(Dataset entries)
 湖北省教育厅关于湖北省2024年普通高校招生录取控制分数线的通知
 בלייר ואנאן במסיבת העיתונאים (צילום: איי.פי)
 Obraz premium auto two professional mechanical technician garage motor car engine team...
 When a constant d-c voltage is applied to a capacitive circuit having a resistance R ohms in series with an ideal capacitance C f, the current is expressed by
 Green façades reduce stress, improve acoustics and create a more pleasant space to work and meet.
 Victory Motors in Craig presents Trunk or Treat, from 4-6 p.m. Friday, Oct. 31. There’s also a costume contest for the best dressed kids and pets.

--

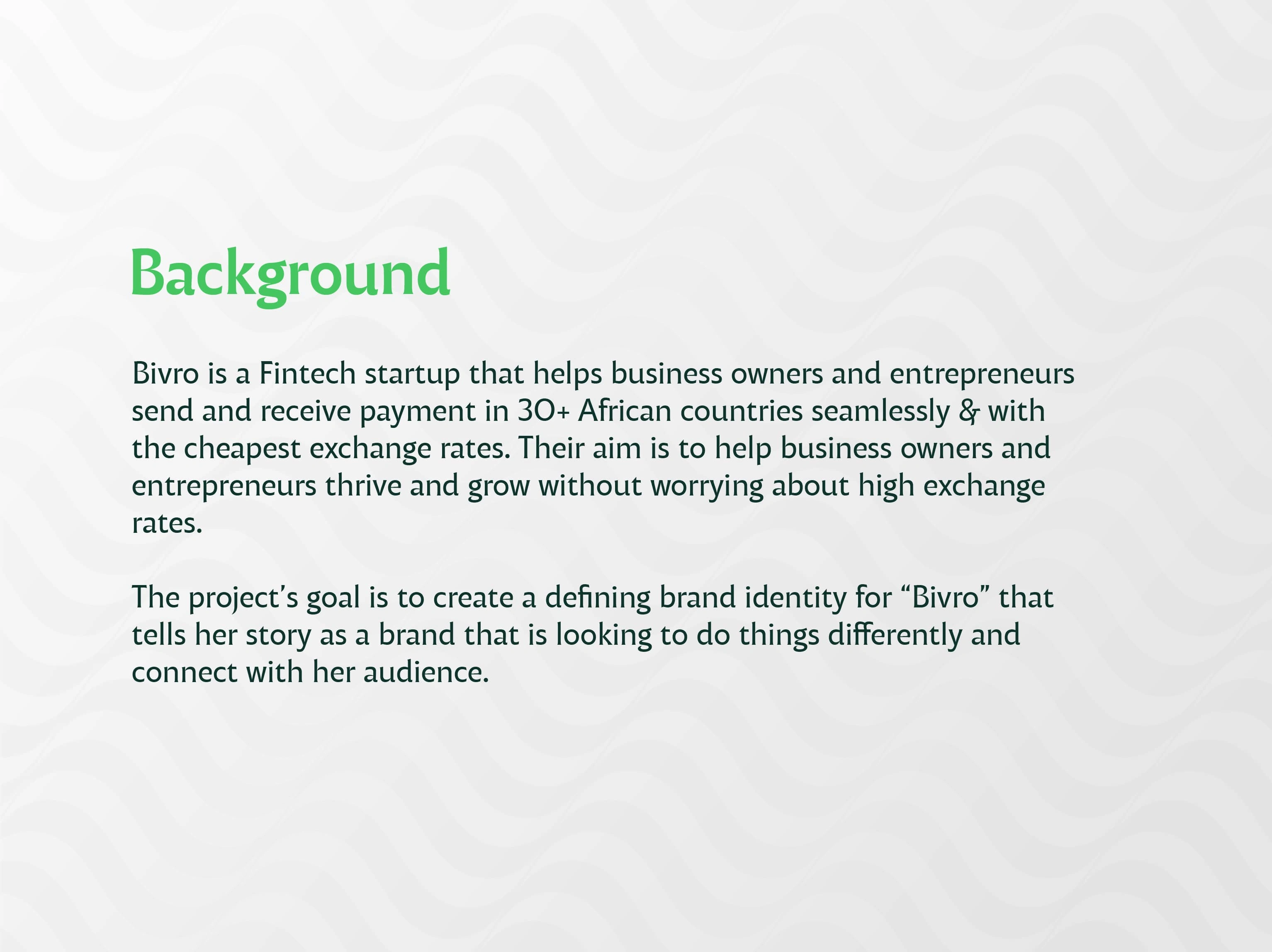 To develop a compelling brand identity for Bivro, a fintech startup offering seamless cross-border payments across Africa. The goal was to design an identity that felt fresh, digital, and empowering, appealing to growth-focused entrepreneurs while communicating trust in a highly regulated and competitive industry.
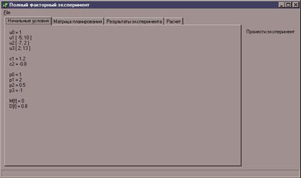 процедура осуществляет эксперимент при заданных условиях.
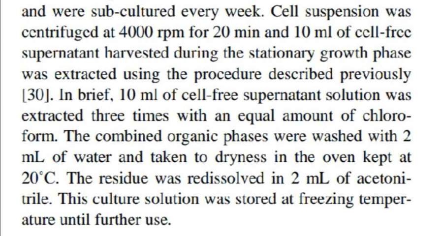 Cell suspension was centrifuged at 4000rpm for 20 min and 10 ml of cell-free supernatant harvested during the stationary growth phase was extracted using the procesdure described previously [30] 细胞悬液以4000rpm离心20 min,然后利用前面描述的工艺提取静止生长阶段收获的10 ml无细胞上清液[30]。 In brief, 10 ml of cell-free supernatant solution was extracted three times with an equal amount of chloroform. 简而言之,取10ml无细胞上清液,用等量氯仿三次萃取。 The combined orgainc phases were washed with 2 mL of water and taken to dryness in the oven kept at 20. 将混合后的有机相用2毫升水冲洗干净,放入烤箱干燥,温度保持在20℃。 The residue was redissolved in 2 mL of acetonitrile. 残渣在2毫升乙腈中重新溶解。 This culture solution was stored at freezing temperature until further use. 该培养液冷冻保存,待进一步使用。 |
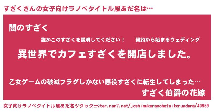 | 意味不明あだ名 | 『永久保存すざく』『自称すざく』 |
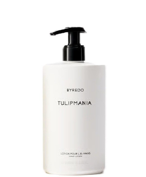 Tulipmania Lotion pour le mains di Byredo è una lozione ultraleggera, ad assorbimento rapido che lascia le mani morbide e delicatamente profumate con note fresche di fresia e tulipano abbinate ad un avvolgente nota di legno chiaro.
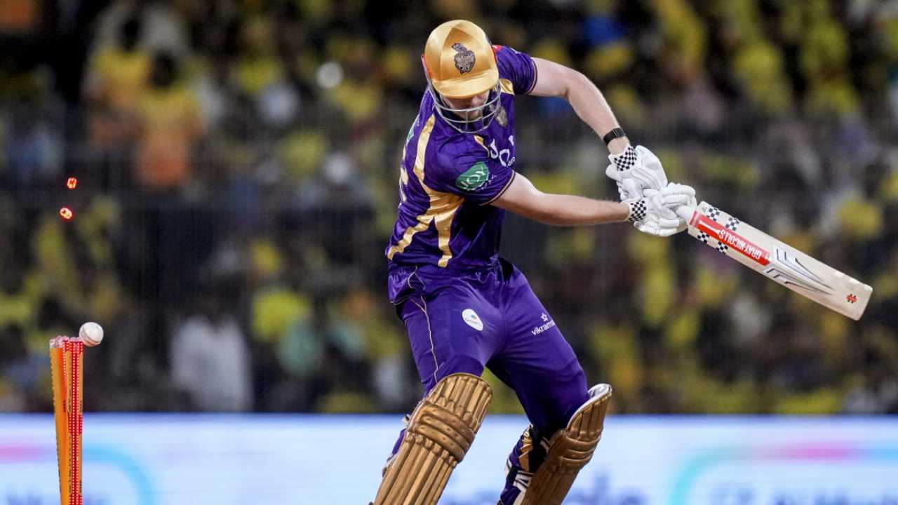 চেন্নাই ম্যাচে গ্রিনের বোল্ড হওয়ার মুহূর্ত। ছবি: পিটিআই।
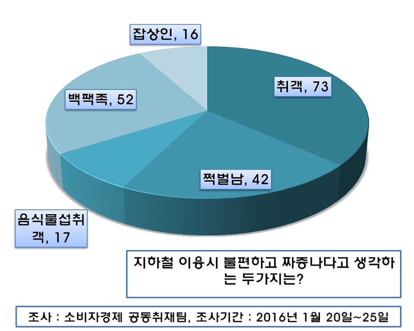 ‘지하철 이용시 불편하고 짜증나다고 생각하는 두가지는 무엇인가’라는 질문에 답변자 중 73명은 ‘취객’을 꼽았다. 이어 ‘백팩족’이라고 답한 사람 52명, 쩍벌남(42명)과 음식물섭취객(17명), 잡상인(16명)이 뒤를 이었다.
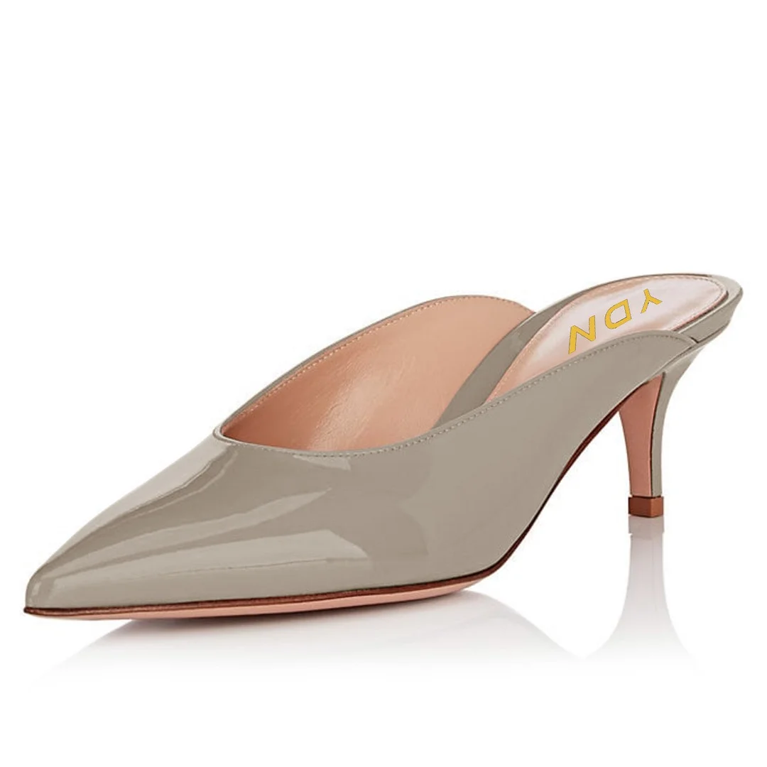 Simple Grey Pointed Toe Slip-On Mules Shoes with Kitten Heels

- Description of the task
Nothing but the lines above, starting at the line that contains "Tulipmania Lotion pour" and ending at the line that contains "Simple Grey Pointed", should be given again, exactly and without the pictures.

- Response box
 Tulipmania Lotion pour le mains di Byredo è una lozione ultraleggera, ad assorbimento rapido che lascia le mani morbide e delicatamente profumate con note fresche di fresia e tulipano abbinate ad un avvolgente nota di legno chiaro.
 চেন্নাই ম্যাচে গ্রিনের বোল্ড হওয়ার মুহূর্ত। ছবি: পিটিআই।
 ‘지하철 이용시 불편하고 짜증나다고 생각하는 두가지는 무엇인가’라는 질문에 답변자 중 73명은 ‘취객’을 꼽았다. 이어 ‘백팩족’이라고 답한 사람 52명, 쩍벌남(42명)과 음식물섭취객(17명), 잡상인(16명)이 뒤를 이었다.
 Simple Grey Pointed Toe Slip-On Mules Shoes with Kitten Heels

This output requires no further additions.